Just a few days after the start of World War II, the Germans entered Brzesko. In the fall of 1939, persecution of Jews began, and in the spring of 1941 there was established a ghetto, which remained open for about a year. The area of the ghetto included the building pictured in the photo (current address Żwirki i Wigury Square, 3), which functioned as a Jewish hospital.

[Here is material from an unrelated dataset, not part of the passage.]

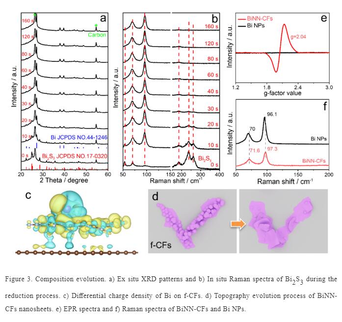 为了探究电化学转变过程,我们利用半原位XRD,SEM,原位Raman等手段进行了结构和组分的追踪。如图3所示,在施加电位的最初几秒,材料由硫化铋迅速转变为金属铋。随后,在f-CFs表面经过相对缓慢的重构过程,组装为相互交联的铋纳米片结构。理论计算结果表明,f-CFs表面对金属铋具有较高的结合能,电荷离域诱导金属铋在f-CFs表面的重构生长过程。

Jan Burlikowski in his “Chronicles of the town of Brzesko” quotes the following testimony:
“Brzesko resident Mr. Michal Kopytko told the chronicler the following: In June 1942, as a room painter, I was painting a room of a Jewish hospital in Brzesko, located in a corner building at the present Żwirki i Wigury Square and Trzcianecka Street, today owned by Mr. Schmidt. At one point I heard gunshots in the town. Soon armed Germans burst into the hospital building. They rushed into individual hospital rooms, and I could only hear shots along with the screams of murdered patients. They spared no one. They murdered mothers with children, pregnant women, old people, all the patients inside the hospital without exception. It was something so terrible that to this day, despite the passage of decades, this monstrous image remains in my memory. Terrified to the highest degree, I fled that place and never returned there again.”
It most likely happened on June 18, 1942, during the first major action in Brzesko, when the Germans murdered over 200 Jews in the town and deported many others to Belzec.